▶ [Task]:
Find the line with "Der Backlfow Räucherkegelhalter" in the records below. Copy it and every line after it, up to and including the line with "11月17日下午,校长李清臣".

▶ [Data to process]:
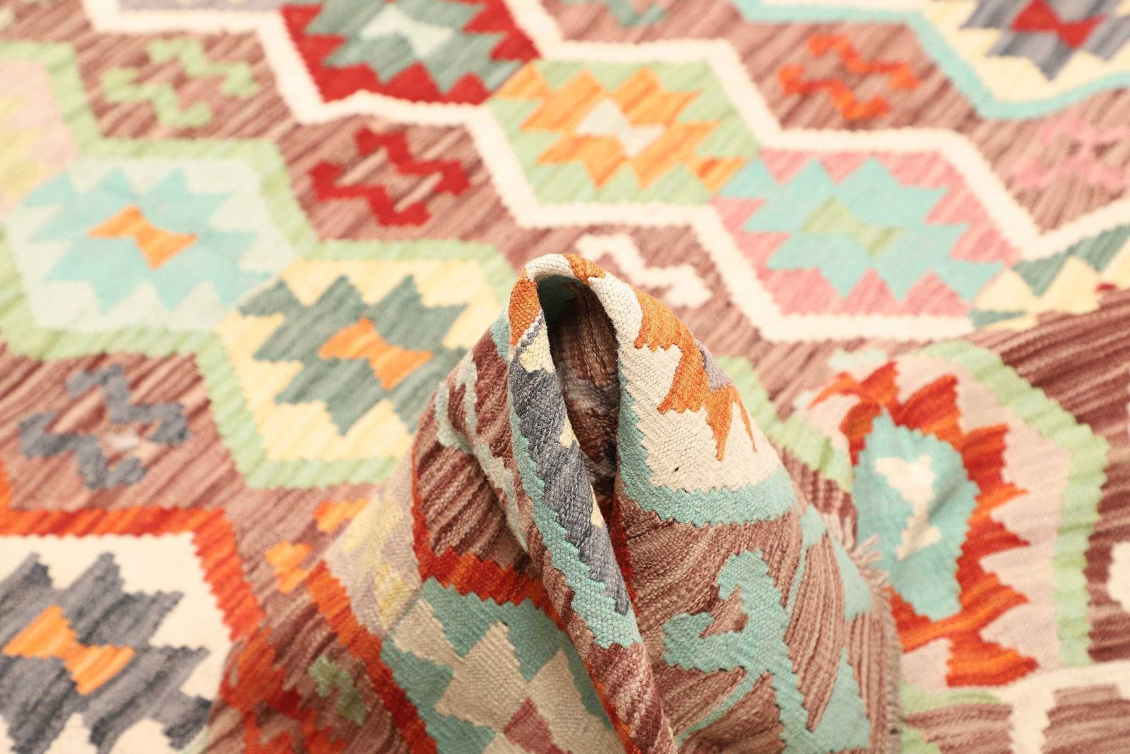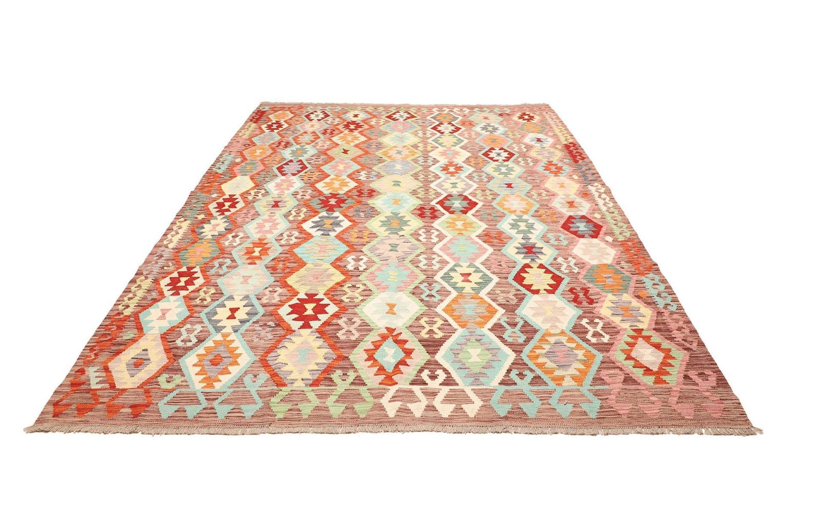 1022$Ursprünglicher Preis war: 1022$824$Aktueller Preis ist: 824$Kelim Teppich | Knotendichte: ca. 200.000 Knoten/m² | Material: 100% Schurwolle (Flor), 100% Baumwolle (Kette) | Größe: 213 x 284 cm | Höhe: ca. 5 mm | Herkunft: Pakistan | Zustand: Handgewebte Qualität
--
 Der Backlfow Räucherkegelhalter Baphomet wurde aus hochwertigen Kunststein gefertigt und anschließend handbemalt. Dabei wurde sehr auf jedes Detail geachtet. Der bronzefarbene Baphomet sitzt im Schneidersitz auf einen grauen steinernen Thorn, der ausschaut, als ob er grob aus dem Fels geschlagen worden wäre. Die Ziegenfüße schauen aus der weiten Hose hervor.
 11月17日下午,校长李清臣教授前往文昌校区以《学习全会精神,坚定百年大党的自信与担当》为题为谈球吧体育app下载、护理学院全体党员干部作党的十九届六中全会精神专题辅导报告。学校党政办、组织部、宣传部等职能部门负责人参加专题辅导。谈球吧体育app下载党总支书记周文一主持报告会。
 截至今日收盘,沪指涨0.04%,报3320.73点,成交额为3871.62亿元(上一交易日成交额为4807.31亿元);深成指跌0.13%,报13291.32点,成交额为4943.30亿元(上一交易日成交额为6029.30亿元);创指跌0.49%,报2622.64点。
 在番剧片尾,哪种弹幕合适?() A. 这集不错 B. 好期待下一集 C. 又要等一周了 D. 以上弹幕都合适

▶ [Solution to the problem]:
 Der Backlfow Räucherkegelhalter Baphomet wurde aus hochwertigen Kunststein gefertigt und anschließend handbemalt. Dabei wurde sehr auf jedes Detail geachtet. Der bronzefarbene Baphomet sitzt im Schneidersitz auf einen grauen steinernen Thorn, der ausschaut, als ob er grob aus dem Fels geschlagen worden wäre. Die Ziegenfüße schauen aus der weiten Hose hervor.
 11月17日下午,校长李清臣教授前往文昌校区以《学习全会精神,坚定百年大党的自信与担当》为题为谈球吧体育app下载、护理学院全体党员干部作党的十九届六中全会精神专题辅导报告。学校党政办、组织部、宣传部等职能部门负责人参加专题辅导。谈球吧体育app下载党总支书记周文一主持报告会。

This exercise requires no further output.